Quand en décembre, coups de feu et menaces ont éclaté aux Izards, tout le monde a été surpris que quelques jours plus tard, une rafale de Kalachnikov vise le hall d'un immeuble rue des Chamois et tue un garçon de 18 ans, Nabil Bennani. Surprise et pourtant, depuis déjà plusieurs semaines, l'ambiance était «pourrie». «Les anciens s'inquiétaient de la dérive et du risque de flingage depuis déjà un moment», lâche un observateur. Cette guerre est liée à la maîtrise du trafic de drogue mais les ressorts véritables restent mystérieux.

2. Qui sont les chefs ?

«Longtemps, la drogue a fait vivre les Izards. Le quartier vendait même aux autres cités», prévient un initié. Seulement ces dernières années, les «figures» du business ont pris du recul. Les «historiques» absents, les rivalités se sont exacerbés. «Avant tout le monde mangeait et personne ne se plaignait», insiste l'initié. Les opérations à répétition de la police ont déstabilisé l'organisation mais pas coupé les approvisionnements. Certains ont alors voulu maîtriser le deal, sans partager, et les incidents ont démarré. Depuis l'assassinat du Milano le 21 janvier, le calme semblait revenu. Précaire. La sortie de prison de Wallid Larbi-Bey en mai, faute de preuve, et un de ses amis un peu plus tôt, a envoyé un mauvais message.

3. Le rôle du milano

Depuis le 5 décembre, quand un des gérants du Milano a été pris pour cible, le snack restaurant de l'avenue de Launaguet revient comme un mauvais refrain. Pris pour cible le 5 décembre par Larbi-Bey, du moins selon ses premières déclarations, un des gérants n'a pas hésité à parler aux policiers. En retour, il n'a pas vraiment été soutenu. Ni par le quartier, ni bien sûr par les gens qu'ils avaient dénoncés. D'ailleurs au moment d'être confronté à ses agresseurs en mai, cet homme à dit stop. Pas de témoignage, pas de reconnaissance et Larbi-Bey et son complice supposé ont quitté la prison. Auparavant, le 21 janvier, Miloud Nemard 25 ans avait été assassiné au Milano le 21 janvier, et deux autres clients blessés par balle. Et le deuxième gérant, Medhi El Aouamad, 24 ans, a payé de sa vie vendredi son attachement à l'établissement de la route de Launaguet. Le Milano est fermé depuis la tuerie du 21 janvier.

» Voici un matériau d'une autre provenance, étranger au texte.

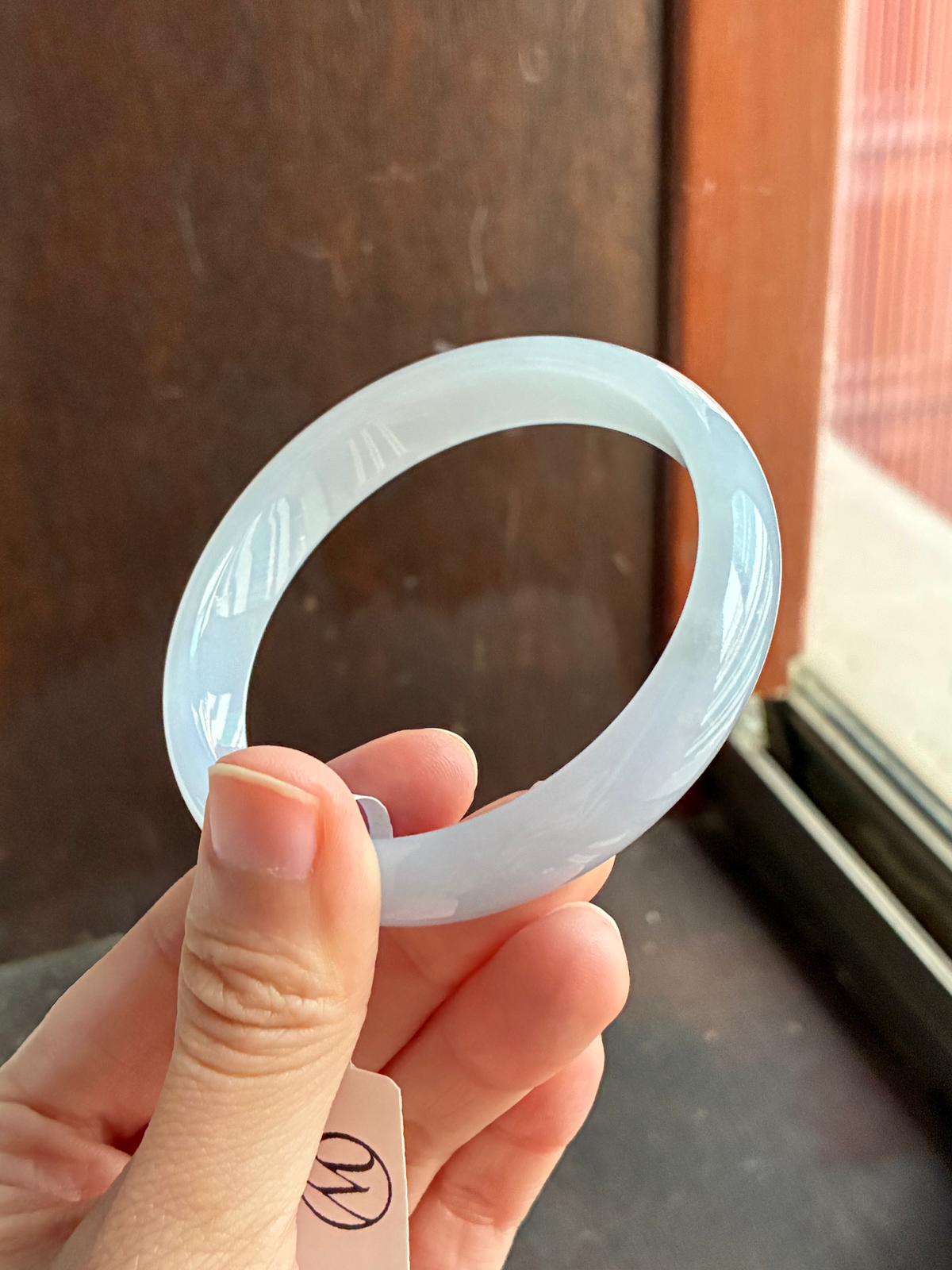 On the wrist, it feels light and effortless, its soft tones lending a calm, feminine presence without overwhelming. The colour remains delicate yet clear, making it an easy piece for everyday wear. A quietly refined bangle for those drawn to gentle hues and flawless texture.

4. Vont-ils s'arrêter là ?

Comment arrêter la spirale des règlements de comptes et éviter de nouveaux morts ? Les appels à témoin lancés par le procureur ressemblent à un aveu d'échec qui risque fort de rester sans écho. Dans les quartiers, les délinquants comme les habitants ne parlent pas, même sous X. Cette omertà rend très difficile des investigations où, souvent, les hommes de la police judiciaire «sentent» les pistes mais manquent d'éléments pour les concrétiser au plan procédural (lire ci-dessous). Et la réalité de ces meurtres à l'arme de guerre inquiète les policiers présents en première ligne. «Ils se tuent entre eux et nous n'arrivons pas à les arrêter. Demain, vont-ils hésiter à nous tirer dessus ?», s'interroge un policier. Les syndicats de police sont inquiets et réclament, comme l'Unité SGP police, «attention et moyens» pour lutter efficacement contre une délinquance sans limite.

Meurtres sans coupable

Si la vague de règlements de comptes qui ensanglante la ville constitue une première à Toulouse, la difficulté de mener des enquêtes dans le milieu des cités n'est, en revanche, pas une nouveauté.
Caffort : qui a tué Gérald Delbois ? En mars 2011, un samedi soir, un homme s'avance vers la cité Caffort et ouvre le feu sur Gérald Delbois, 20 ans. Touché en pleine tête, ce garçon ne survit pas à son agression. La brigade criminelle de la sûreté a remué la cité, ses trafiquants de drogue, soupçonné beaucoup de monde mais personne n'a été mis en examen. Des soupçons «très sérieux» pèsent sur certains individus mais faute de preuve, et d'arme, impossible d'envoyer un client chez le juge. Fond du dossier, le trafic de stupéfiants.
Purpan : qui a assassiné Nordine Belkacemi ? En décembre 2012, suivi par une voiture alors qu'il se rend au Room 157, un solide père de famille est criblé de balles de Kalachnikov, près de l'hôpital Purpan. Touché par de très nombreux impacts, il survit quelques heures avant de mourir à l'hôpital. Responsable de la sécurité d'un établissement de nuit, d'un caractère pas facile, Nordine Belkacemi pouvait avoir beaucoup d'ennemis. Les hommes de la police judiciaire ont soupçonné pas mal de monde. Mais aucune piste sérieuse et pas de mise en examen.
Izards : qui a tué Nabil et Miloud ? Une information judiciaire à la juridiction interrégionale spécialisée de Bordeaux, une autre à Toulouse, des soupçons mais là aussi pas de coupable, ni de mise en examen pour les deux assassinats des mois de décembre et janvier qui ont ensanglanté les Izards. Wallid Larbi-Bey a été soupçonné, et mis en en examen avec son ami dans la tentative d'homicide du gérant du Milano même s'il jurait n'y être pour rien. Pour les assassinats, difficile de les soupçonner : le 8 décembre ils se trouvaient en région parisienne et le 21 janvier en prison…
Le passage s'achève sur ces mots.